Recorded data:
-=-=-
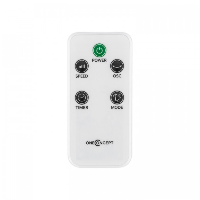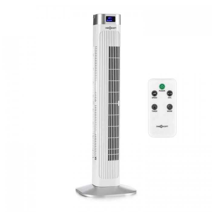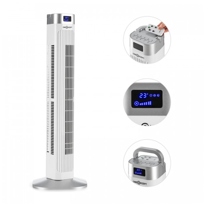 The OneConcept Hightower 2G fan is used to freshen the air in a room; it has three speeds: from gentle to strong flow of fresh air. With the press of a button, the tower can rotate 45°, increasing air circulation in the room. An adjustable timer can be used to automatically turn off the fan after a set time from 1 to 12 hours. The OneConcept Hightower can be operated either using buttons on the top of the device or using a remote control. Its large blue backlit LCD display shows the set parameters and modes, as well as the current room temperature. The fan’s elegant appearance makes it ideal for offices and living rooms, but is neutral enough to fit well even into more classic interiors. Using only 50W of power consumption, it is also energy efficient.
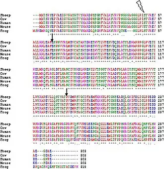* asterisk Conserved sequence (identical)
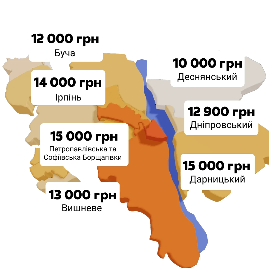 Щодо 2-кімнатних квартир, то наприкінці жовтня в деяких передмістях винаймати їх також дорожче, ніж в більшості районів столиці. Зокрема, в Софіївській Борщагівці середня вартість «двушки під оренду» (21 тис. грн) вища, ніж в Деснянському (12,5 тис. грн), Дніпровському (15 тис. грн), Дарницькому (18 тис. грн), Оболонському (18 тис. грн), Святошинському (16 тис. грн) та Солом'янському (18 тис. грн) районах.
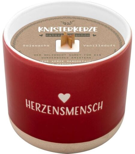 Sheepworld AG "Kerze mit Gravur ""Herzensmensch"": Kerze im Becher, mit Holzdocht"
-=-=-
Work order: Set down all of the material above exactly as written, leaving the pictures out.

Solution below:
 The OneConcept Hightower 2G fan is used to freshen the air in a room; it has three speeds: from gentle to strong flow of fresh air. With the press of a button, the tower can rotate 45°, increasing air circulation in the room. An adjustable timer can be used to automatically turn off the fan after a set time from 1 to 12 hours. The OneConcept Hightower can be operated either using buttons on the top of the device or using a remote control. Its large blue backlit LCD display shows the set parameters and modes, as well as the current room temperature. The fan’s elegant appearance makes it ideal for offices and living rooms, but is neutral enough to fit well even into more classic interiors. Using only 50W of power consumption, it is also energy efficient.
* asterisk Conserved sequence (identical)
 Щодо 2-кімнатних квартир, то наприкінці жовтня в деяких передмістях винаймати їх також дорожче, ніж в більшості районів столиці. Зокрема, в Софіївській Борщагівці середня вартість «двушки під оренду» (21 тис. грн) вища, ніж в Деснянському (12,5 тис. грн), Дніпровському (15 тис. грн), Дарницькому (18 тис. грн), Оболонському (18 тис. грн), Святошинському (16 тис. грн) та Солом'янському (18 тис. грн) районах.
 Sheepworld AG "Kerze mit Gravur ""Herzensmensch"": Kerze im Becher, mit Holzdocht"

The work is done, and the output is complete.